**What is being asked**
What you return should match the data below exactly, with no pictures in it.

**Dataset extract**

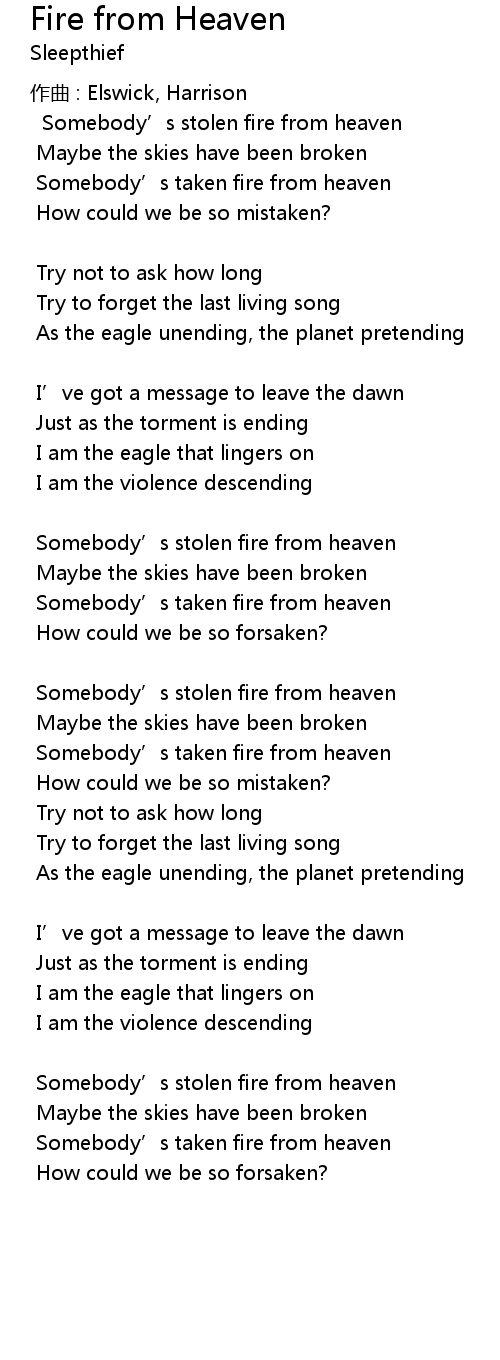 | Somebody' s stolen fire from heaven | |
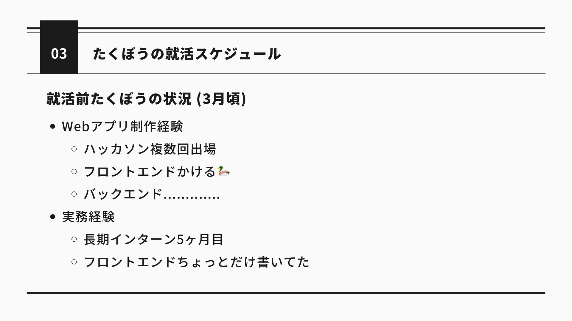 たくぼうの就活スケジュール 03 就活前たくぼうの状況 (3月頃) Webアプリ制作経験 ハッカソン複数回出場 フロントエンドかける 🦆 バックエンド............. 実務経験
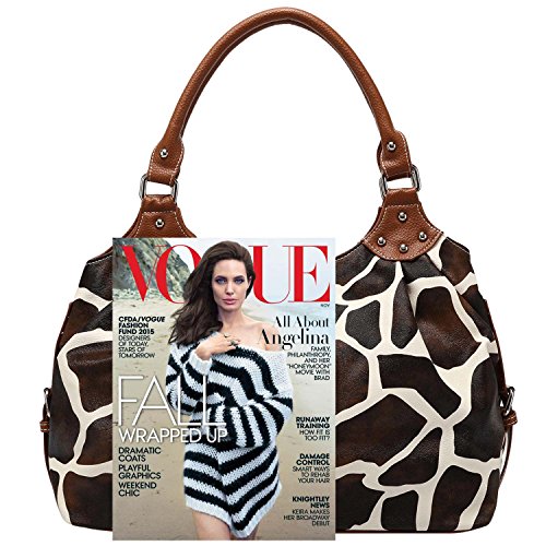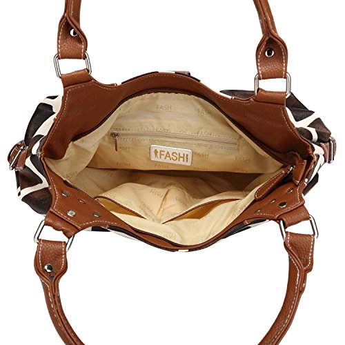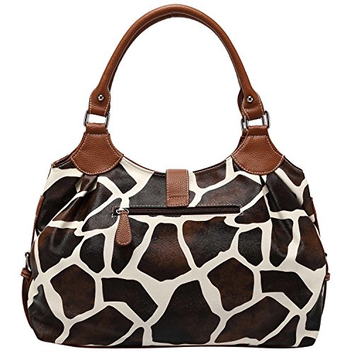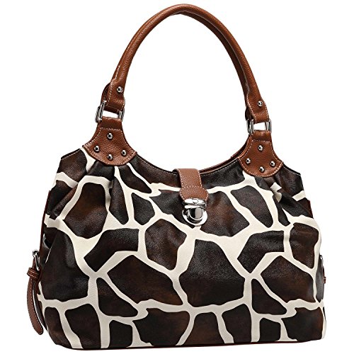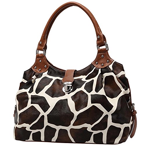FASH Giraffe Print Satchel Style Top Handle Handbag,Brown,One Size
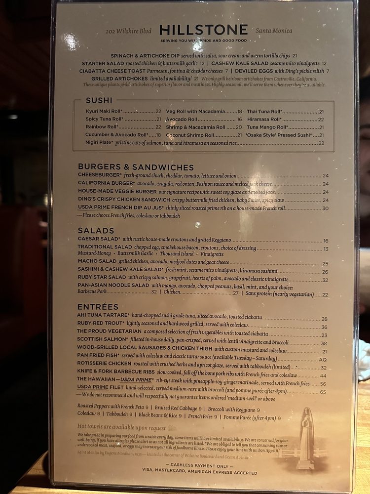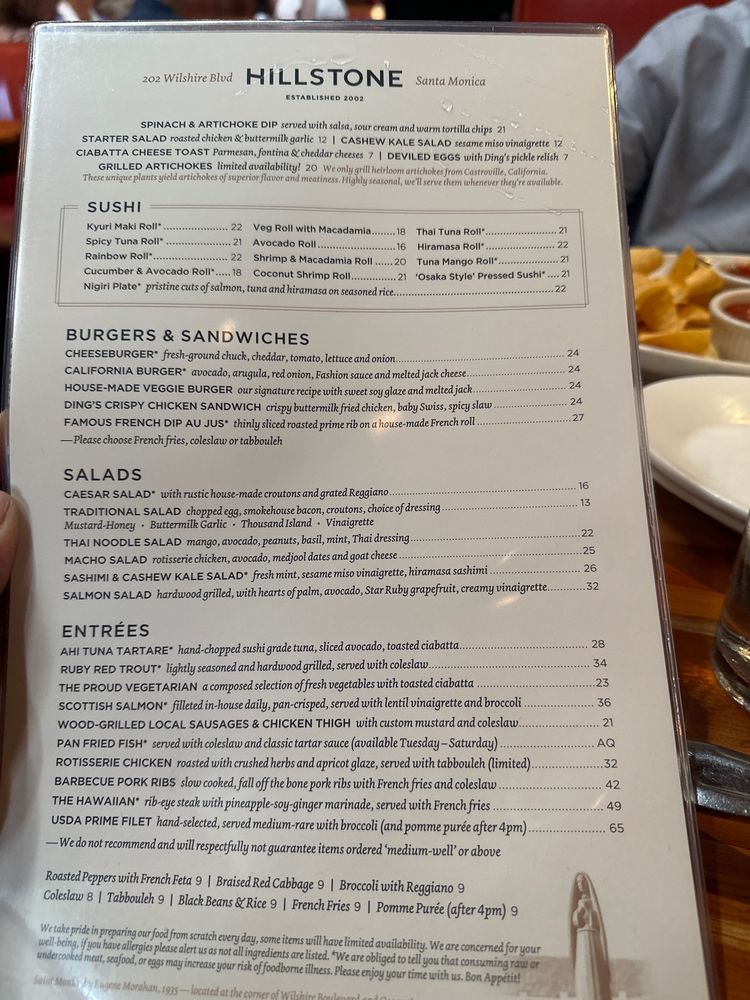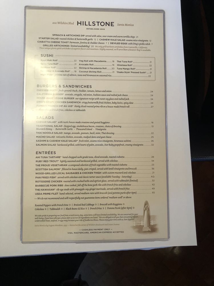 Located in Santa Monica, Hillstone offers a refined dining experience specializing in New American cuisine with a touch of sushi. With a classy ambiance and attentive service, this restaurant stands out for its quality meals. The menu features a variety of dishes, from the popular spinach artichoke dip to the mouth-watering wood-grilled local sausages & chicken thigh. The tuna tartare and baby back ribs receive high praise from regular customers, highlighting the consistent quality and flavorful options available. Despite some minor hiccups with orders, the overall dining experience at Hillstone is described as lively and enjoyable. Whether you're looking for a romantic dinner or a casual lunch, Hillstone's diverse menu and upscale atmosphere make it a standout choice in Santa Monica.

**Result of this task**
 | Somebody' s stolen fire from heaven | |
 たくぼうの就活スケジュール 03 就活前たくぼうの状況 (3月頃) Webアプリ制作経験 ハッカソン複数回出場 フロントエンドかける 🦆 バックエンド............. 実務経験
FASH Giraffe Print Satchel Style Top Handle Handbag,Brown,One Size
 Located in Santa Monica, Hillstone offers a refined dining experience specializing in New American cuisine with a touch of sushi. With a classy ambiance and attentive service, this restaurant stands out for its quality meals. The menu features a variety of dishes, from the popular spinach artichoke dip to the mouth-watering wood-grilled local sausages & chicken thigh. The tuna tartare and baby back ribs receive high praise from regular customers, highlighting the consistent quality and flavorful options available. Despite some minor hiccups with orders, the overall dining experience at Hillstone is described as lively and enjoyable. Whether you're looking for a romantic dinner or a casual lunch, Hillstone's diverse menu and upscale atmosphere make it a standout choice in Santa Monica.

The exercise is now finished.